He was vanquished too easily, the deaths he caused underplayed, his form undermagnified, unlike cherubael whose power was horrific, his menace amplified to scary levels by Abnett and thus Eisenhorn in turn was forced to raise his game to match this menace. Thus in Eisenhorn we had the style, we had the oh no he didn't moments and the fuck thats just awesome, whilst Ravenor was never truly allowed to look spectacular, never really won a psyker battle and was always fleeing a stronger opponent, which in truth made him look weakened, underwhelmed by the apparent power of his enemies who in the end failed to do justice to the hype. 

In truth Kara Swole sums this up

"I'd rather face Ravenor unarmed than ever cross gregor eisenhorn"

Eisenhorn wins hands down.
______________________________________________

Overall both books are worth buying reading and putting on your book shelves however if I had to choose between them I would pick up Eisenhorn. The book is a fantastic piece of fiction and a credit to an author that is truly the cream of the black library.

I give eisenhorn a spectacular 9/10, ravenor a giddy 8.5/10


----------



## bobss (May 18, 2008)

Thats a rather solid review, Deathbringer, I`ll be honest. I haven`t read either Omnibus, rather stupidly, but even so the way you`ve made comparissons from a range of differing ''ingrediants'' neccessary for a fitting book has been well displayed. Great snyopsis and a good header for those who are yet to read the zenith of Abnett`s genius, some great work


----------



## HOBO (Dec 7, 2007)

Excellent review, and I almost agree with your scores..I give Eisenhorn a slighter larger winning margin over Ravenor than you - 9/10 v 8/10. Abnett at his finest.

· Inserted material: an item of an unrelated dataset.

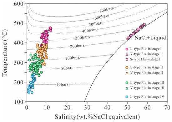 L-type and V-type FIs assemblage from stages II to IV are not the real immiscibility assemblage in porphyry systems and they are not suitable to estimate the accurate trapping pressure conditions. Pressures obtained for such assemblage can only represent minimum trapping values [62]. Based on the simple H2O–NaCl system, using the isobar equations reported in [61], we estimate the minimum trapping pressures in stages II and III range from ~70 to ~300 bar and ~30 to ~150 bar, respectively (Figure 13). The minimum trapping pressures in stage IV occurred at pressures <50 bar (Figure 13).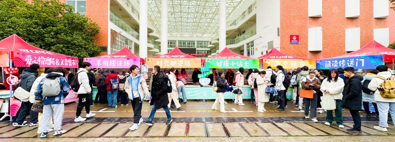 各个展位上,“时光邮递站”“阅读传送门”“健康小贴士”“再生魔法”“循坏分类之旅”“爱心捐赠所”“慈善义卖集市”“浇个朋友”“手机膜法师”等志愿服务活动活动受到同学们的欢迎和踊跃参加,大家纷纷在各个“爱心市集”前写下以物换物,学习流感预防、垃圾分类等科普知识,构成了春“锋”里一道亮丽风景线。

I have an inclination to re-read both Trilogies after reading this, starting with Eisenhorn of course....plus make a change of pace from the HH series I'm in the middle of. It's been a few years so it should all be fresh.


----------



## Mossy Toes (Jun 8, 2009)

Only read the Eisenhorn books, but I'm glad to have gotten the better out of the bargain.

Though I'll have to read the Ravenor books too, to be able to read the third trilogy when it comes out... (y'know, the Bequin one...)


----------